The Sparse Principal Component Analysis Problem: Optimality Conditions and Algorithms
Amir Beck, Yakov Vaisbourd

TL;DR
This paper introduces a new optimality condition for sparse PCA, develops algorithms based on it, and demonstrates that these algorithms outperform existing methods that rely on weaker optimality conditions.
Contribution
It proposes a coordinate-wise optimality condition for sparse PCA and develops algorithms that guarantee convergence to this stronger condition, improving solution quality.
Findings
Algorithms based on the new optimality condition outperform traditional methods.
Numerical experiments support the superiority of convergence to stronger optimality conditions.

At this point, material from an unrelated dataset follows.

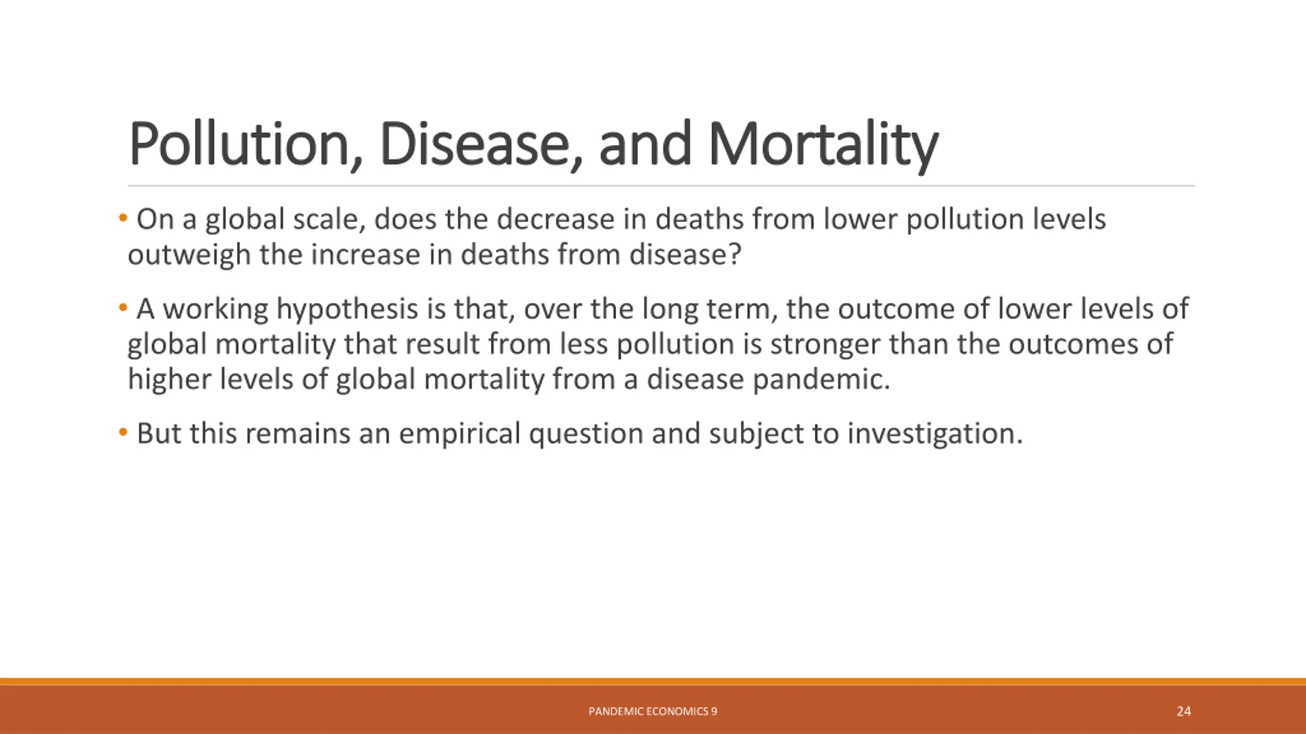 Pollution, Disease, and Mortality Pollution, Disease, and Mortality On a global scale, does the decrease in deaths from lower pollution levels outweigh the increase in deaths from disease? A working hypothesis is that, over the long term, the outcome of lower levels of global mortality that result from less pollution is stronger than the outcomes of higher levels of global mortality from a disease pandemic. But this remains an empirical question and subject to investigation. 24 PANDEMIC ECONOMICS 9

The new condition provides better interpretability and solution quality in sparse PCA.
Abstract
Sparse principal component analysis addresses the problem of finding a linear combination of the variables in a given data set with a sparse coefficients vector that maximizes the variability of the data. This model enhances the ability to interpret the principal components, and is applicable in a wide variety of fields including genetics and finance, just to name a few. We suggest a necessary coordinate-wise-based optimality condition, and show its superiority over the stationarity-based condition that is commonly used in the literature, and which is the basis for many of the algorithms designed to solve the problem. We devise algorithms that are based on the new optimality condition, and provide numerical experiments that support our assertion that algorithms, which are guaranteed to converge to stronger optimality conditions, perform better than algorithms that converge to points…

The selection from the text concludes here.